No easy fix for doom and gloom

RSA A computer security expert has called on the United States government to train the nation's youth in offensive and defensive cyber technologies so the country is less vulnerable to attacks on its critical infrastructure.

"We need to really encourage young people, high school kids, college students, to embrace cyber security as a field," said Ed Skoudis, founder and senior security consultant for InGuardians. "I'd like to see the United States from a policy perspective engage in...sponsoring hacking challenges to not make it seem like it's an evil thing. Set summer camps to learn more about offensive and defensive technologies and have mentor-ship and sponsorship."

Countries including China and South Korea already sponsor hacking challenges that are designed to identify kids with computer skills, Skoudis said. He said the push in this country should draw lessons from the Soviet Union's launch of the Sputnik missile. The US responded by plowing huge resources in to training for science and engineering.

Skoudis's comments came during a panel on Thursday at the RSA security conference that drew parallels between the cold war and cyber threats the US faces from nation states, terrorist groups, and criminal hacker gangs.
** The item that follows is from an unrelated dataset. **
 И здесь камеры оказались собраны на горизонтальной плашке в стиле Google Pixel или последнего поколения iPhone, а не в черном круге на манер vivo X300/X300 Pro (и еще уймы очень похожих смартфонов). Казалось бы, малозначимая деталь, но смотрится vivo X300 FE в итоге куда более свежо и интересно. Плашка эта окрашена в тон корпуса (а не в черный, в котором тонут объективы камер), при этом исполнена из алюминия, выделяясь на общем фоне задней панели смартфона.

Although a full-blown war involving US networks has yet to happen, smaller skirmishes are already under way, the panelists said.
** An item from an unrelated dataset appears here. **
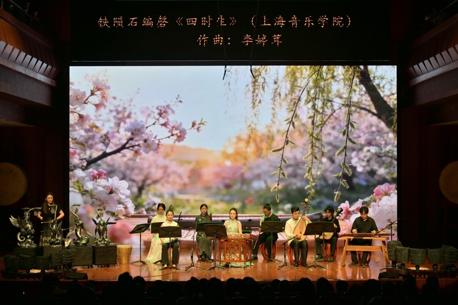 科技赋能传统文化是本场音乐会的亮点之一。舞台上,一件名为“万籁寂”的特殊乐器——陨铁编磬(由珍贵铁陨石打造而成),成为了全场焦点。它由上海音乐学院东方乐器博物馆与上海天文馆(上海科技馆分馆)、五云坊陨石工作室联合推出。在中国古代,金石之乐是最高规格的礼乐,而陨铁作为“天外来客”,更是连接天地的象征。由上音师生创作并演奏的民族室内乐作品《四时生》,巧妙地将陨铁编磬与二胡、扬琴、琵琶、古琴等传统民族乐器相融合。作品以春生、夏长、秋成、冬藏为线索,在长线条旋律的铺展中,让46亿年的宇宙回响与中华文明的礼乐传统展开了一场跨越时空的对话。这一创新实践是上音将“双一流”学科资源与前沿科技深度融合的成果,彰显了“科艺融合”的理念,拓宽了传统器乐的表现边界。

"It's not about the destruction of physical assets," said Ed Giorgio, president and co-founder of Ponte Technologies and a member of a commission that spent 18 months drafting recommendations for the US's 44th president to shore up its critical infrastructure. "It's about espionage and gaining some sort of information advantage, and frankly I don't see the right response."
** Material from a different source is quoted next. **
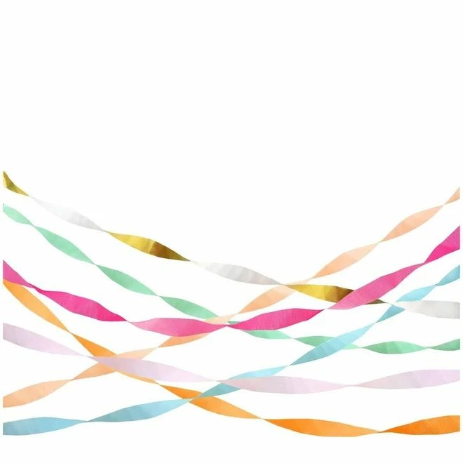 These rainbow paper streamers are perfect to add a splash of colour to any party. Featuring seven different coloured streamers.

The comments come amid multiple reports that networks critical to US national security have already been breached. Last year, the CIO for the Department of Defense conceded that an intrusion on the agency's computers resulted in the theft of an "amazing amount of data" that continued to put the country at risk. Other breaches have involved the US power grid, and Pentagon plans for one of its top fighter jets.

During a speech Wednesday at the RSA conference, Melissa Hathaway, acting senior director for cyberspace for the National Security and Homeland Security councils, said the risk was palpable.

"I worry about these questions every night," she said during a talk that was short on specifics and long on platitudes. "They infiltrate my dreams."